Using these methods, the Newcastle Daily Chronicle reported on a rat catcher of the early 1860s named Mr. Matthew French of Hexham. He was better known as “Matt the Rover,” and, supposedly, in a single day he “with the aid of his four astute ferrets, and his ‘two game little terriers,’ [took, killed, and slayed] … the enormous number of three hundred rats.”[5]

French version of the rat catcher in the seventeenth century. Courtesy of Bibliothèque nationale de France.
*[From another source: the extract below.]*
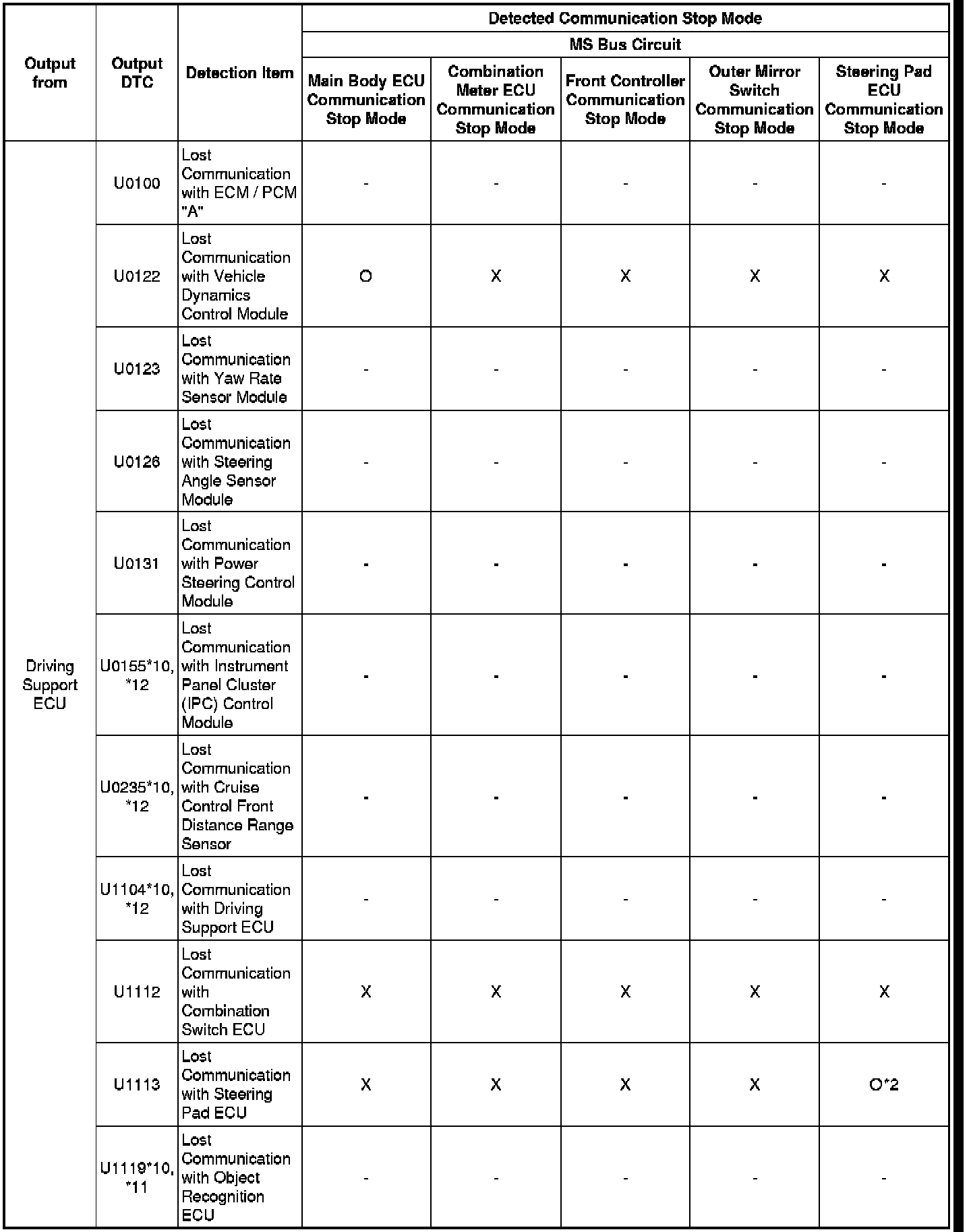 * *12: Refer to the Diagnostic Trouble Code Chart CAN Communication System.

If the pervasive disease-ridden varmints needed to be captured alive, there were several ways to accomplish the job. One way was to have the ferret flush out the rat and drive it into some contrivance. This was the best way to catch rats used for blood sports because it left no visible injuries, a requirement for the sport. (One popular blood sport was rat-baiting. It involved filling a pit with rats and placing bets on how long it would take a dog, usually a terrier, to kill them.)
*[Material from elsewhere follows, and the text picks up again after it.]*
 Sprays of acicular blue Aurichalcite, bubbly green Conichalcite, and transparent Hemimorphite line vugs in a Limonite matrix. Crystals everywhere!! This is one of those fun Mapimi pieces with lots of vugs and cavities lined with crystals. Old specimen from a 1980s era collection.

The second reason rats were captured alive was to breed and sell as house pets. One famous rat catcher named Jack Black worked as Queen Victoria’s personal rat catcher and caught all sorts of rats, including unusual colored ones. He bred them and sold them to well-bred women who kept them in squirrel cages as pets. Jack began as a child rat catcher and in an interview in the 1800s with Mayhew he claimed:

“I should think I’ve been ratting a’most for five-and-thirty year. I’ve been bitten nearly everywhere, even where I can’t name and right through my thumbnail too … When a rat’s bite touches the bone, it make you feel faint in a minute, and it bleeds dreadful like you have ben stuck with a penknife. … The first rats I caught was when I was about nine years of age. After that I bought some ferrets, and I was, I think, the first that regularly began to hunt rats to ‘sterminate them.[6]

Rat Catchers

Jack Black. Courtesy of Wikipedia.

References:

  • [1] A Rat-catcher on Rats, in Manchester Courier and Lancashire General Advertise, p. 3.
  • [2] “Wanted,” in Alnwick Mercury, 24 October 1885, pg. 4.
  • [3] Mayhew, Henry, London Labour and the London Poor, Vol. 1, 1851, p. 503.
  • [4] Ibid.
  • [5] “Rat Slaughter Extraordinary,” in Newcastle Daily Chronicle, 26 December 1861, pg. 3
  • [6] BBC2 Shows what Mayhew’s London was Really Like, in Illustrated London News, 2 April 1966, p. 16.